Fix init with scale pos weight. #11280

trivialfis · 2025-02-24T18:50:33Z

Use one-step Newton if scale pos weight is used.

Actually, ignoring the scale pos weight should improve the training performance since the weight explicitly instructs xgboost to create bias. I think the discrepancy for the bosch dataset is caused by a different initialization point for the Newton iteration.

One-step Newton is quite close to optimal for logistic loss. Also, the result isn't changed for unweighted data.

trivialfis · 2025-02-24T18:51:10Z

Please help review when you are available @razdoburdin @david-cortes

david-cortes · 2025-02-24T19:03:38Z

@trivialfis I cannot find much info in the docs about what scale_pos_weight does.

Does it set weights for observations of the positive class in the same way as passing weights to the DMatrix does? If so, then the intercept for it should be obtainable by a weighted mean instead. And what's more, you shouldn't even need to do the calculation with a vector of weights, since the unweighted mean could be adjusted after-the-fact if you know what the scaling should be.

Otherwise, from what I see in the issue description, the performance increase from this change would be just a coincidence - this is an imbalanced dataset and one-step Newton happens to drive the number closer to zero, so if the imbalance were to be towards the other side it should have the opposite effect.

Also from the issue: it looks like the parameters being tried are very suboptimal since the test accuracy (from a quick look at the data description, haven't seen it in detail) appears to be below what you'd obtain from constant predictions. A better metric to follow for such purposes would be the training logloss (which is what xgboost is optimizing for), or the test AUROC after tuning the hyperparameters.

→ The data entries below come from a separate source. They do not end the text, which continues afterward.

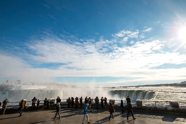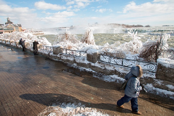 2018年1月3日,尼亚加拉大瀑布出现冰封奇观,吸引民众冒着严寒前来拍摄美景。(AFP PHOTO / Geoff Robins)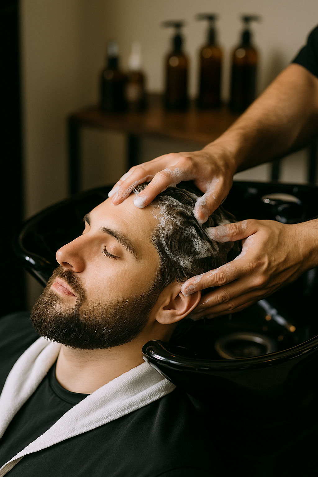 غسيل وتنظيف منعش بفوم وشامبو مع تدليك بسيط لفروة الرأس.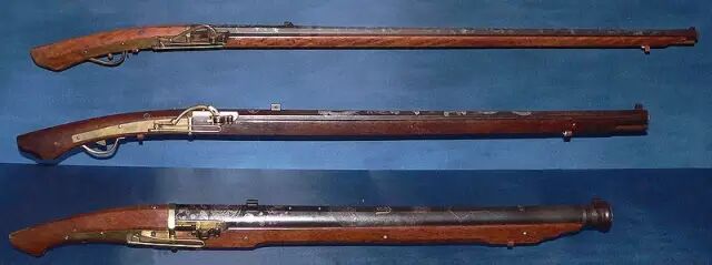 火绳枪,明代称鸟铳,有扳机,比之前的火器先进许多。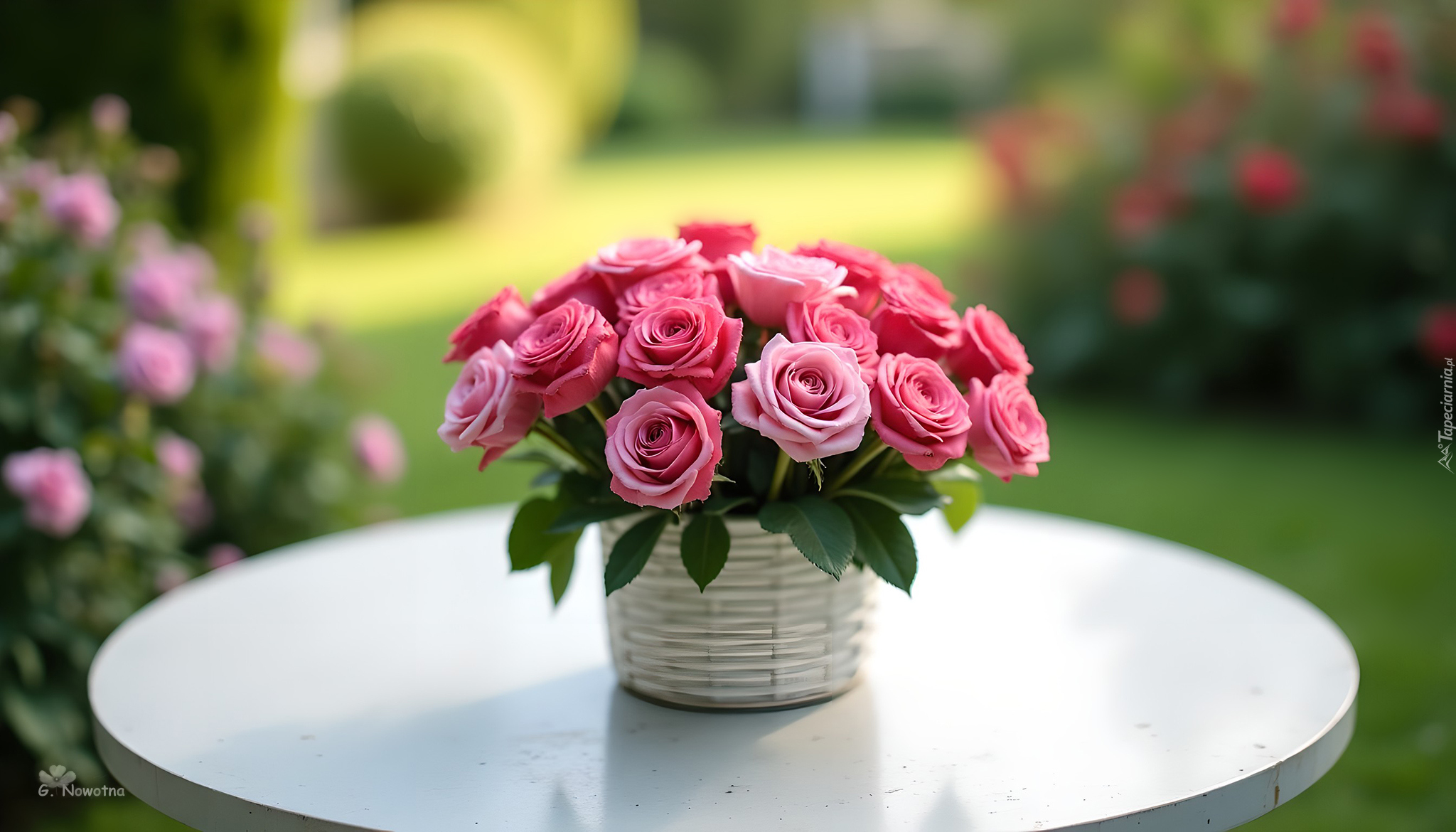 Edytor tapety: Bukiet różowych róż w koszyku na stoliku
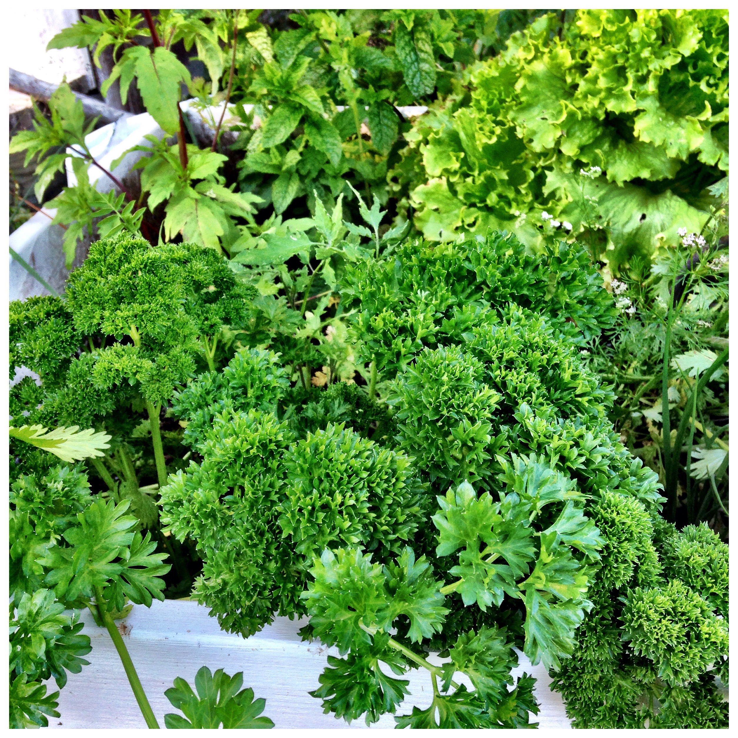 I ‘m Very happy with my pallet collar I got from my husband this spring. Filled it with manure and soil. I just stuffed down the remains of fresh spices I bought at the store. Garlic cloves and salad, Al went down in the soil.
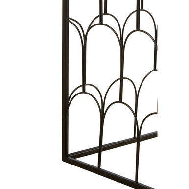 The two Templar side tables nest comfortably together when not in use. Both tables feature robust iron frames that sport a smooth black finish. An understated, square marble slab neatly sits atop the decorative bases.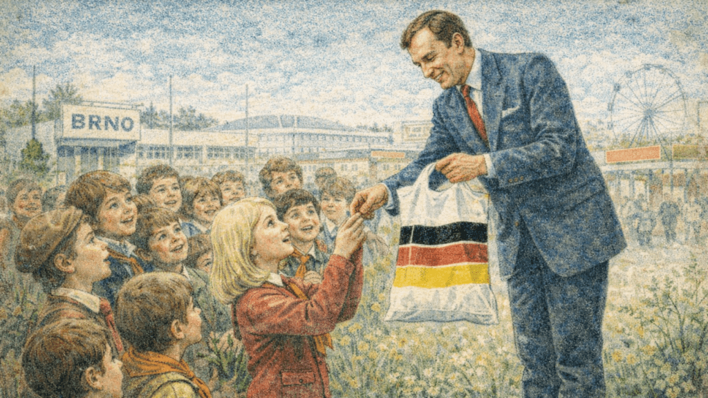 … stojí na stupínku (nebo na židli?), abychom mu nezamastili kvádro prsty upatlanými od svačiny. Vzdala jsem všechny naděje. Jsem menší než ostatní a chybí mi ochota vytrvale škemrat. Ale on se – přesto, že je strašně starý (muselo mu být aspoň třicet) – ukáže jako hotový princ. Přejíždí napjaté dychtivé tváře a pak kývne na mě. Ostatní školáci se neochotně, ale poslušně rozestoupí. Vyvolená, ohromená neobvyklým úspěchem, si nepopsatelně vděčně odnáším – igelitovou tašku! Byla měkoučká, bílá, s třemi jasně zářícími pruhy v barvách Západního Německa.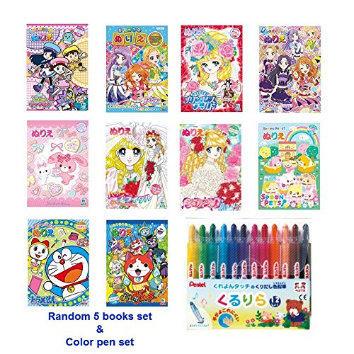 -. Title : Showa Coloring Art Books Random 5 Book SET B5, & Pentel Colored pencil Doraemon yokai watch aikatsu Bonbon ribbon Spoon pet P.R.Incess World Happy bridal Joanna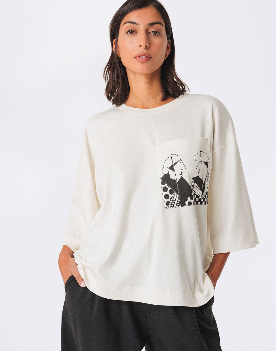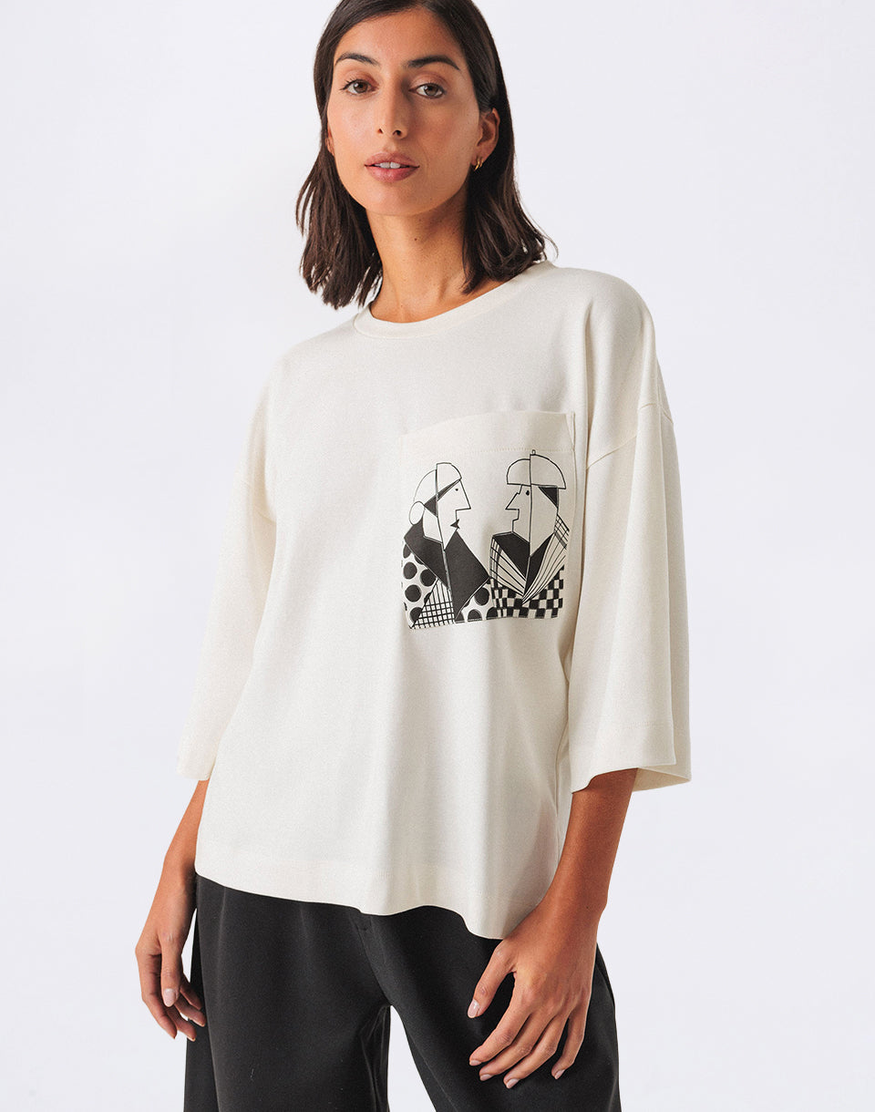 SKFK Hendaia - women's loose fit T-shirt in certified organic cotton with printed chest pocket.

trivialfis · 2025-02-24T19:18:30Z

@david-cortes You are correct, as mentioned in the PR description, ignoring the weight should improve the training loss instead.

We can change it to mean-adjusting for logistic

david-cortes · 2025-02-24T19:20:46Z

@david-cortes You are correct, as mentioned in the PR description, ignoring the weight should improve the training loss instead.

We can change it to mean-adjusting for logistic

But if scale_pos_weight acts as weights, shouldn't it also be accounted in the logloss calculations?

trivialfis · 2025-02-24T19:28:30Z

But if scale_pos_weight acts as weights, shouldn't it also be accounted in the logloss calculations?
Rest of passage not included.